# Train to trang



## hadrian (Nov 10, 2010)

Can anyone tell me what the first class sleeper is like on the train to Trang, clean , comfortable etc? Is there a restaurant car? Also any suggestions on beach hotels on the mainland? I would love to go to one of the islands but I'm 70 with bad legs and can't do the motorboat thing, is there a ferry (like the one to Koh Chang) to any of the islands? Any information would be appreciated. Thanks
Bob


----------



## Dave O'Dottu (Jul 15, 2009)

hadrian said:


> Can anyone tell me what the first class sleeper is like on the train to Trang, clean , comfortable etc? Is there a restaurant car? Also any suggestions on beach hotels on the mainland? I would love to go to one of the islands but I'm 70 with bad legs and can't do the motorboat thing, is there a ferry (like the one to Koh Chang) to any of the islands? Any information would be appreciated.

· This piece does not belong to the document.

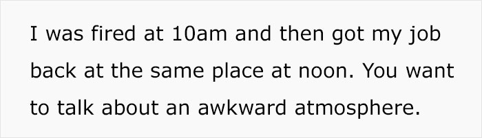 After some searching, she got a hold of the owner in person and told her what had happened, and that it was very unprofessional. So, getting fired at 10am led to getting rehired at around 12pm. Talk about awkward. But funny.

Thanks
> Bob


been a while since I made the trip but it is a good train. 

sleeper from Hualamphong station in Bkk. If memory serves the sleeper I took was 2nd class. Perhaps 1st class is a private room. 

Mostly clean, not perfect. I slept in a birth. Each car has its own attendant and the cars are locked after 10 at night. There is a decent restaurant car.


----------